Учитель отворачивается. Но Фите Бланк долго боролся с собой, прежде чем решиться спросить о том, что у него на уме, и он щелкает пальцами за спиной учителя.
— Я вам уже сто раз говорил, чтобы прекратить это щелканье. Кого надо, я сам спрошу, — сердится Клинк. — Ты-то мне как раз не нужен, Фите Бланк, ты уж никак.
Палец скрывается.
— Сколько лет было кайзеру, когда его произвели в прапорщики?
Торчит один лишь палец Фите Бланка.
— Как, — говорит пономарь Клинк, — и больше никто? Фите Бланк, тебя я сегодня уже спрашивал. Ну-ка, давайте кто-нибудь другой. Вильгельм Крузе, скажи ты, сколько лет было кайзеру… Ну-у, голубчики, это просто ужас, до чего вы тупы… Штрезов, ты тоже этого не знаешь?

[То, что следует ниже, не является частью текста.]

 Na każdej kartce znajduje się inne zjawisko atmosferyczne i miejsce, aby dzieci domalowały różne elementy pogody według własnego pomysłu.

Евгений сидит красный как рак. В последнее время он стал честолюбив, ему хочется все знать.
— Ну, Евгений, подумай как следует. Тогда наш кайзер был еще оч-чень молод. Подумай-ка хорошенько, — ты ведь обычно знаешь больше других.
Откуда знать учителю про разговор, который был вчера у Евгения с отцом? И надо ему было еще сказать: «Ты знаешь больше других…»

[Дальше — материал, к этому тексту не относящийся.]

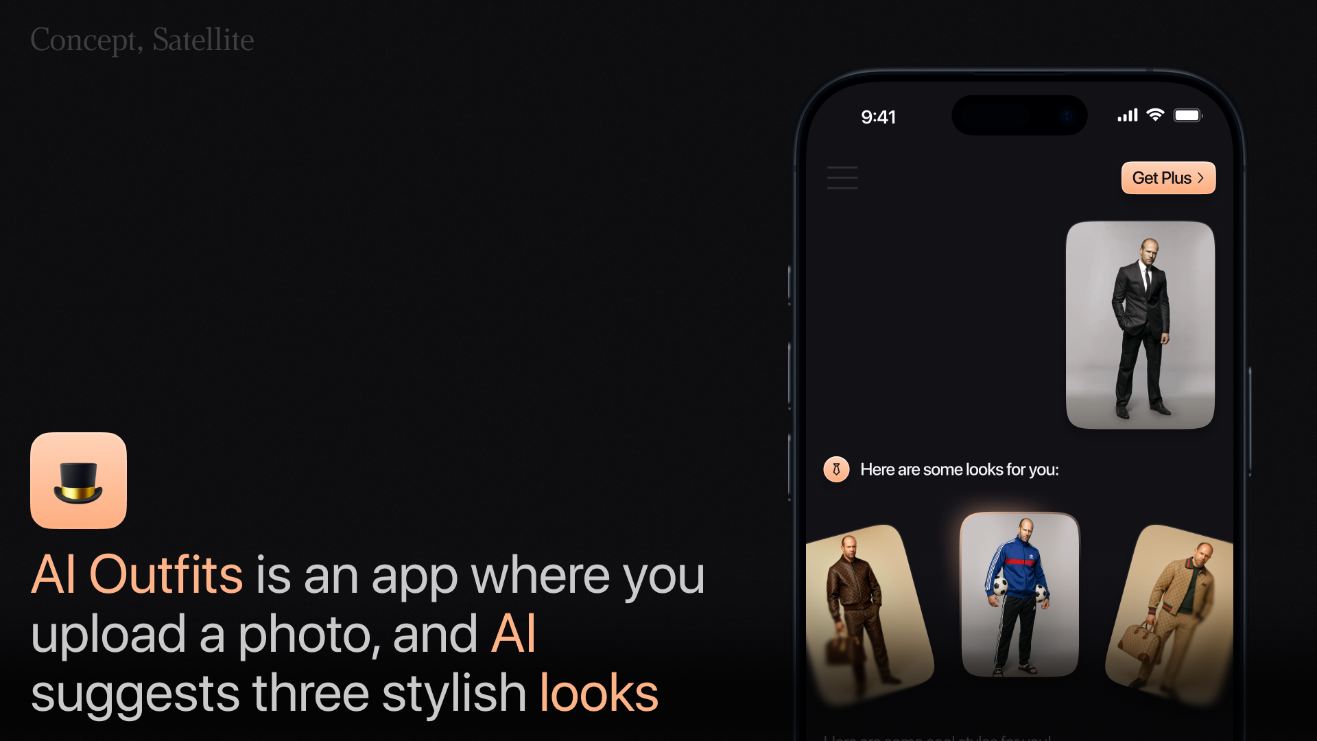 AI Outfits is an app where you upload a photo, and AI suggests three stylish looks. Preview of looks, recommendations, and mini style icons.

Вчера Евгений попросил Боцмана: «Папа, расскажи мне про кайзера…»
— Папка сказал, мне таких вещей знать не требуется, — вслух произносит Евгений на весь класс.
— Да ты, голубчик, видно, рехнулся, как мог твой отец такое сказать?
Лицо Евгения заливается краской.
— Папка сказал, по географии, по арифметике, по письму и чтению я должен быть прилежным. Это мне пойдет только на пользу. А кайзер и какие он портки носит — это вовсе меня не касается, так папка сказал.
Класс хохочет. Клинк вскакивает на кафедру, хватает палку, резко стучит по крышке.
— Тихо! Сегодня праздник! Я вот всыплю вам сейчас всем, посмеетесь тогда!
Сразу восстанавливается тишина. Пономарь Клинк размышляет несколько мгновений, думает про себя: «Ладно, пропущу это на первый раз мимо ушей». На счастье, Фите Бланк опять поднимает палец.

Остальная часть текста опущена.